= SUPPLIED DATA =
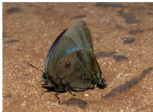
Figura 7 - Denivia silma . Puerto Iguazú (Misiones).

Recientemente se describió una nueva especie dentro del complejo lisus (Martins et al. , 2016), la cual también se halló en Misiones y se presenta en este trabajo. Se trata de Denivia silma (Martins, Faynel y Robbins, 2016), la cual es muy semejante a lisus pero más verdosa, aunque no es fácil sepa-
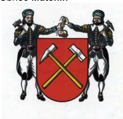
Obr.40 Loučná (Böhmische Wiesenthal)

= YOUR ASSIGNMENT =
Return each line from the material that includes the string "Denivia".

= ANSWER BOX =
Figura 7 - Denivia silma . Puerto Iguazú (Misiones).
Recientemente se describió una nueva especie dentro del complejo lisus (Martins et al. , 2016), la cual también se halló en Misiones y se presenta en este trabajo. Se trata de Denivia silma (Martins, Faynel y Robbins, 2016), la cual es muy semejante a lisus pero más verdosa, aunque no es fácil sepa-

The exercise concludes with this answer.